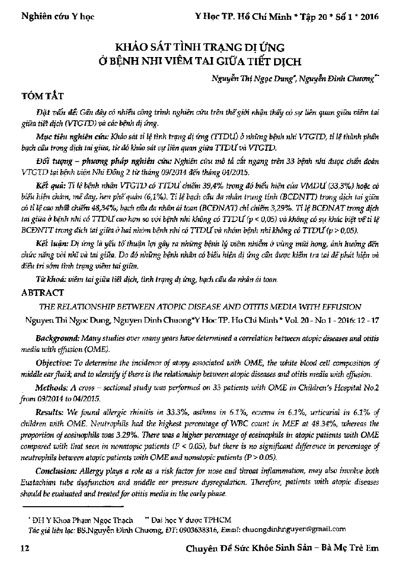 Khảo sát tình trạng dị ứng ở bệnh nhi viêm tai giữa tiết dịch
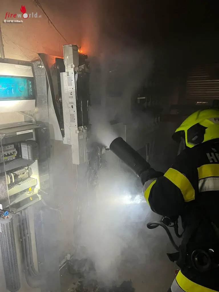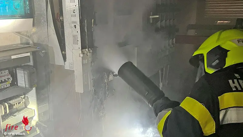 Parallel zur Vorbereitung des Löschangriffes verließen die Mieter bereits das Gebäude. Das Stiegenhaus wurde unverzüglich kontrolliert und mittels Hochleistungslüfter rauchfrei gehalten, so Einsatzleiter HBI Harald Geissler, Kommandant der Hauptfeuerwache Villach. Unter schwerem Atemschutz konnte der Brand im Traforaum mittels Kohlensäurelöscher rasch gelöscht werden. Gemeinsam mit dem rasch eingetroffenen Störungsdienst der KELAG wurde der Raum kontrolliert und rauchfrei gemacht.
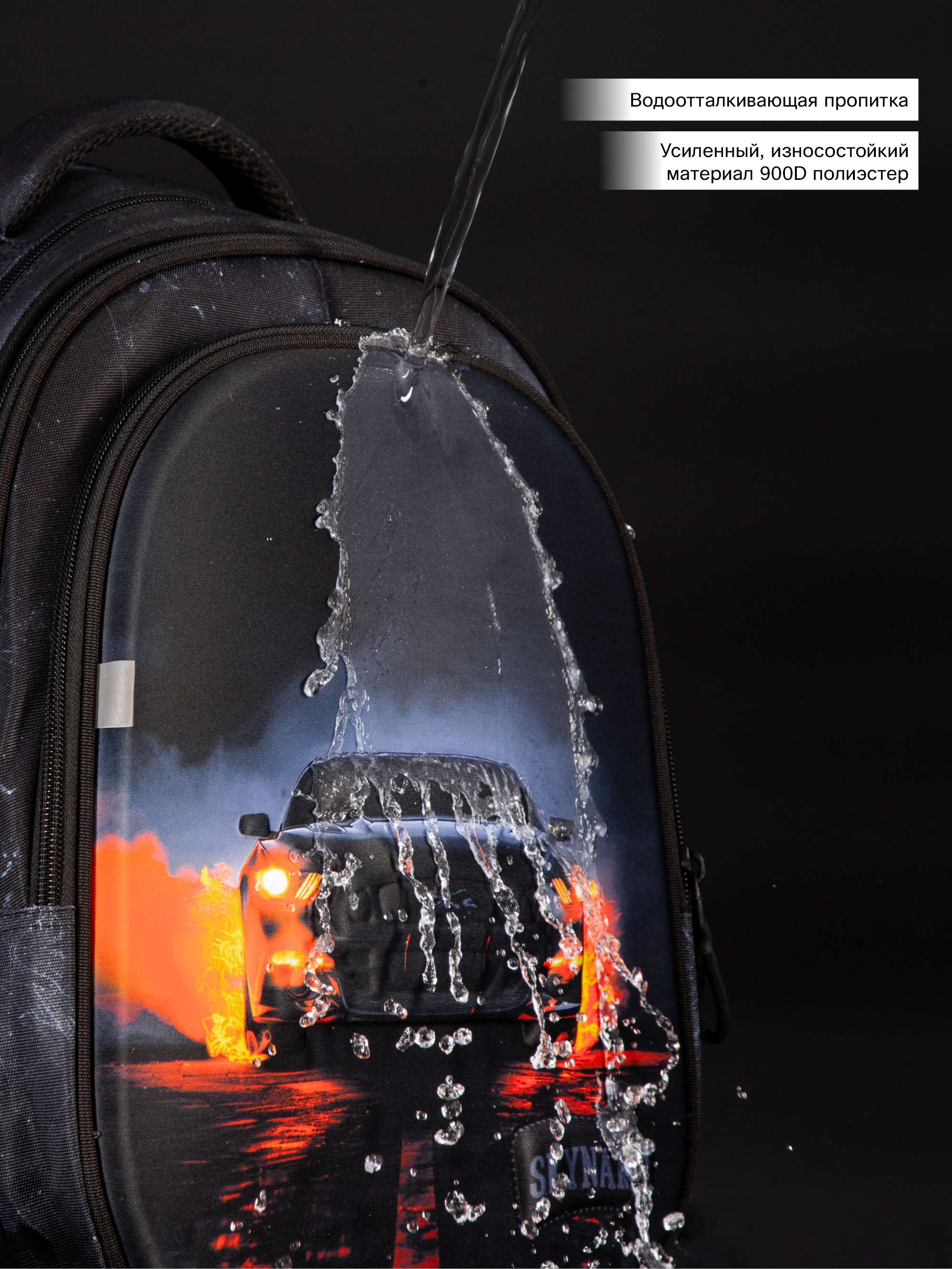 - Отсек у спины для плоских папок формата А4, ноутбука и больших учебников
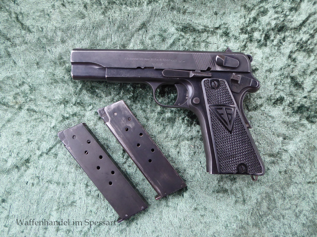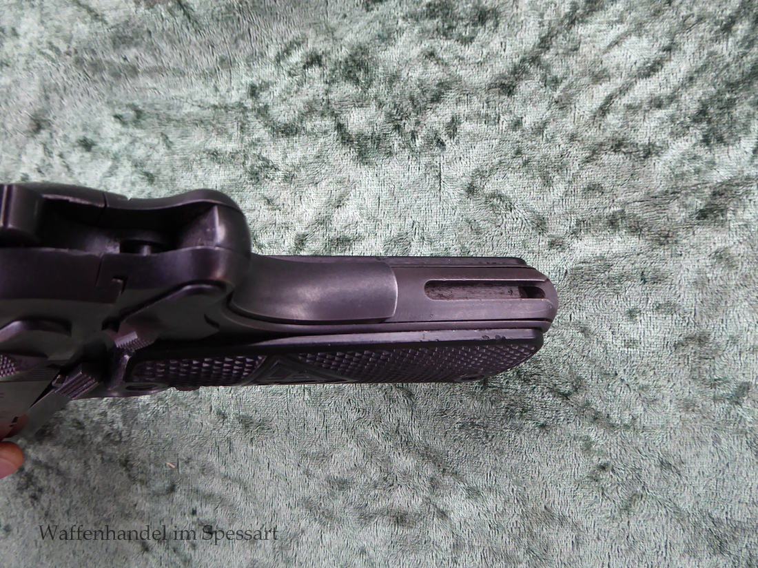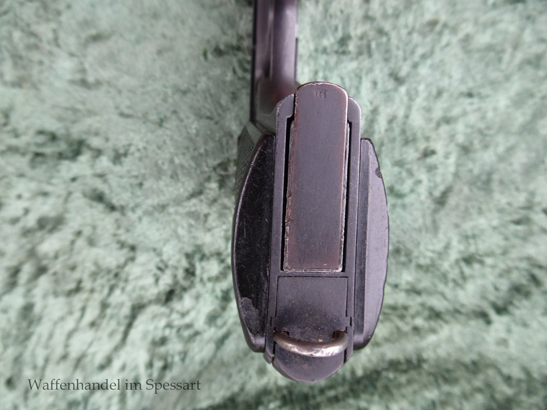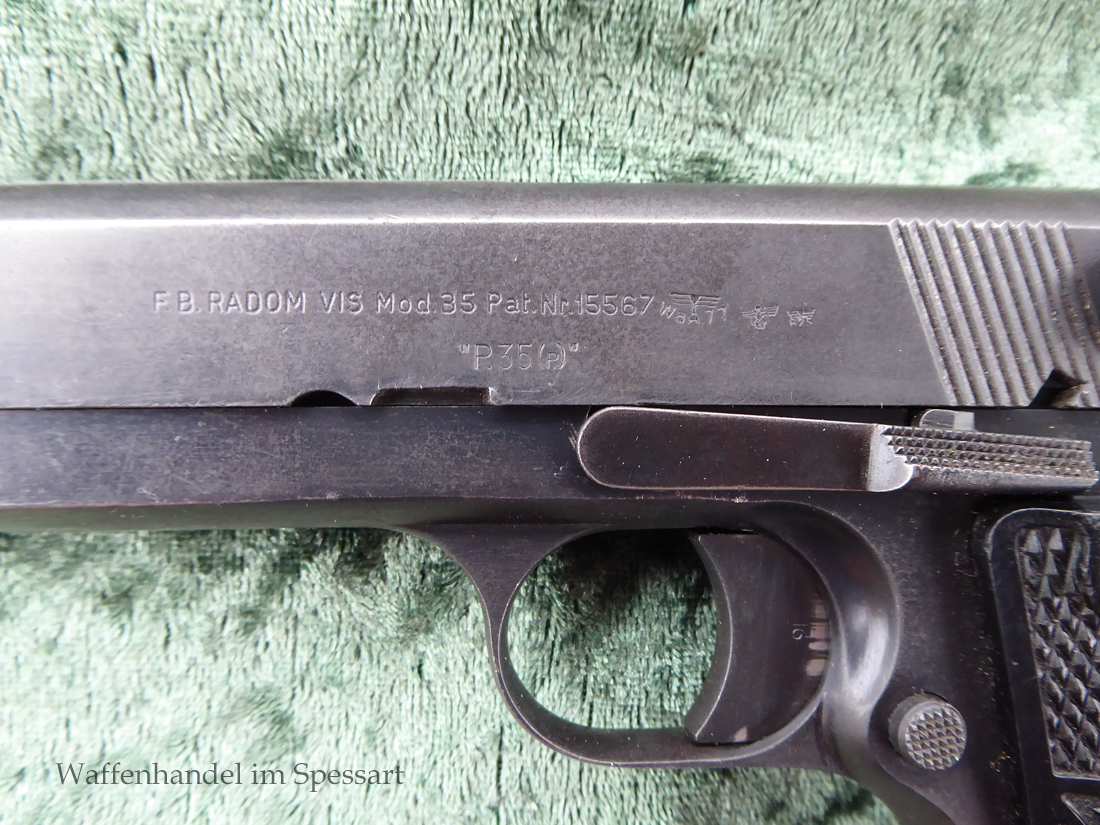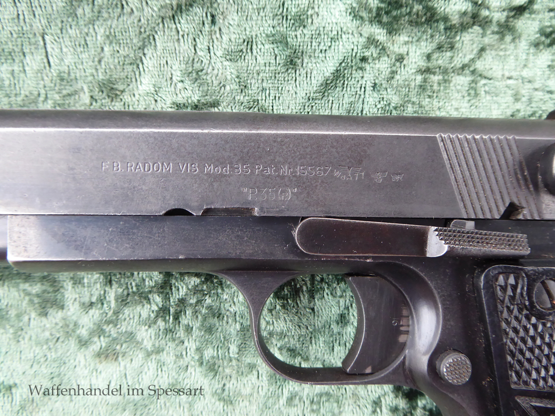 Kal.9mmLuger, Ser.Nr. 147. Baujahr 1939. Erste Serie die unter der deutschen Besetzung gefertigt wurde. Das Griffstück noch aus der polnischen Fertigung, die bei der Besetzung der Radom Werke vorgefunden wurden. Der Verschluß und Lauf wurde unter der deutschen Besetzung gefetigt und die Pistole zusammengebaut und ausgegeben. Deshalb das Griffstück ohne Waa und der Verschluß mit Waa 77. Nummerngleich, scharfkantiges fast blankes Laufinnere. Gute orig. Brünierung. Das Magazin in der Pistole ohne Waa wie es zu dieser Pistole sein muß und ein zweites mit Waa 189. Leichte Gebrauchspuren. Griffstück mit Nut für den Anschlagkasten.
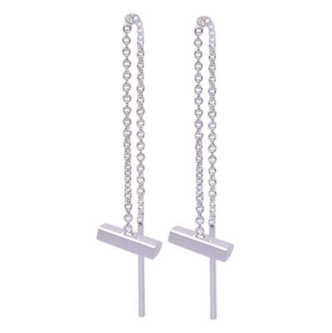 Boucle d'oreille en argent 925% avec une barre carrée droite
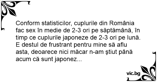 Conform statisticilor, cuplurile din România fac sеx în medie de 2-3 ori pe săptămână, în timp ce cuplurile japoneze de 2-3 ori pe lună. E destul de frustrant pentru mine să aflu asta, deoarece nici măcar n-am ştiut până acum că sunt japonez...
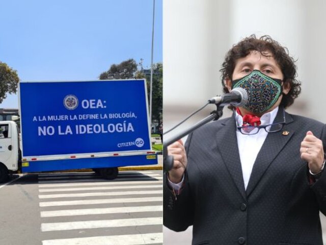 A través de sus redes sociales, la parlamentaria publicó un video donde se ve el camión que lleva la frase: "OEA: A la mujer la define la biología, no la ideología " salir de las instalaciones del Parlamento.
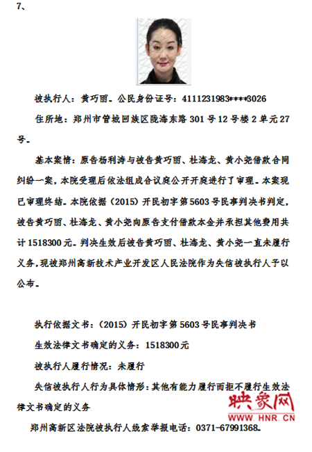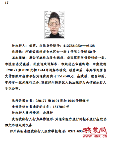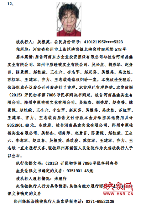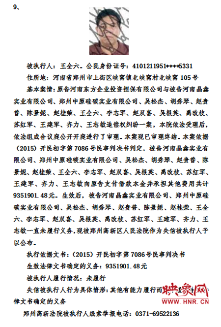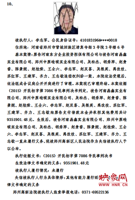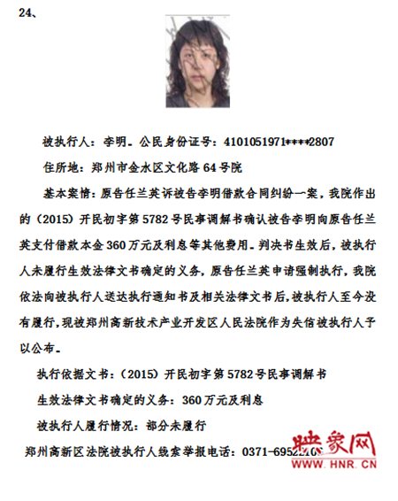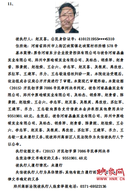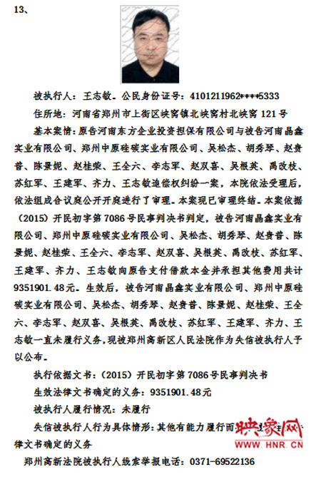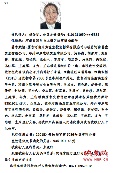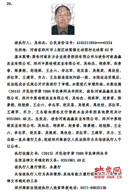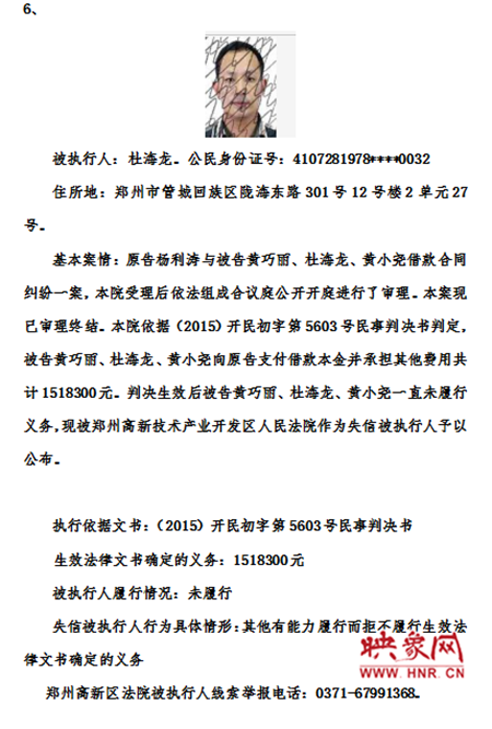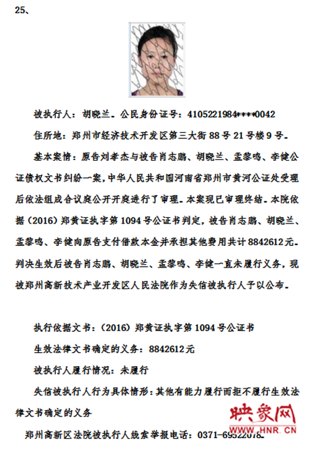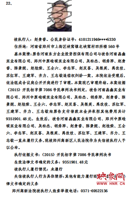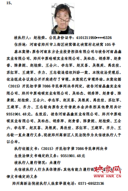 映象网讯(记者 王韶卿 通讯员 高云鹏 王琨 文/图)让“老赖”现形,建诚信郑州。映象网、郑州都市广播汽车912、郑州高新区法院联合打造“老赖”曝光平台,布下执行天罗地网,第三期曝光失信被执行人30名,希望社会各界予以监督,如有发现失信被执行人财产线索的请立即向郑州高新区法院执行局举报。
....
◆ ASSIGNMENT
Repeat the listing above exactly, omitting the pictures it contains.

◆ RESPONSE TO THIS EXERCISE
 Khảo sát tình trạng dị ứng ở bệnh nhi viêm tai giữa tiết dịch
 Parallel zur Vorbereitung des Löschangriffes verließen die Mieter bereits das Gebäude. Das Stiegenhaus wurde unverzüglich kontrolliert und mittels Hochleistungslüfter rauchfrei gehalten, so Einsatzleiter HBI Harald Geissler, Kommandant der Hauptfeuerwache Villach. Unter schwerem Atemschutz konnte der Brand im Traforaum mittels Kohlensäurelöscher rasch gelöscht werden. Gemeinsam mit dem rasch eingetroffenen Störungsdienst der KELAG wurde der Raum kontrolliert und rauchfrei gemacht.
 - Отсек у спины для плоских папок формата А4, ноутбука и больших учебников
 Kal.9mmLuger, Ser.Nr. 147. Baujahr 1939. Erste Serie die unter der deutschen Besetzung gefertigt wurde. Das Griffstück noch aus der polnischen Fertigung, die bei der Besetzung der Radom Werke vorgefunden wurden. Der Verschluß und Lauf wurde unter der deutschen Besetzung gefetigt und die Pistole zusammengebaut und ausgegeben. Deshalb das Griffstück ohne Waa und der Verschluß mit Waa 77. Nummerngleich, scharfkantiges fast blankes Laufinnere. Gute orig. Brünierung. Das Magazin in der Pistole ohne Waa wie es zu dieser Pistole sein muß und ein zweites mit Waa 189. Leichte Gebrauchspuren. Griffstück mit Nut für den Anschlagkasten.
 Boucle d'oreille en argent 925% avec une barre carrée droite
 Conform statisticilor, cuplurile din România fac sеx în medie de 2-3 ori pe săptămână, în timp ce cuplurile japoneze de 2-3 ori pe lună. E destul de frustrant pentru mine să aflu asta, deoarece nici măcar n-am ştiut până acum că sunt japonez...
 A través de sus redes sociales, la parlamentaria publicó un video donde se ve el camión que lleva la frase: "OEA: A la mujer la define la biología, no la ideología " salir de las instalaciones del Parlamento.
 映象网讯(记者 王韶卿 通讯员 高云鹏 王琨 文/图)让“老赖”现形,建诚信郑州。映象网、郑州都市广播汽车912、郑州高新区法院联合打造“老赖”曝光平台,布下执行天罗地网,第三期曝光失信被执行人30名,希望社会各界予以监督,如有发现失信被执行人财产线索的请立即向郑州高新区法院执行局举报。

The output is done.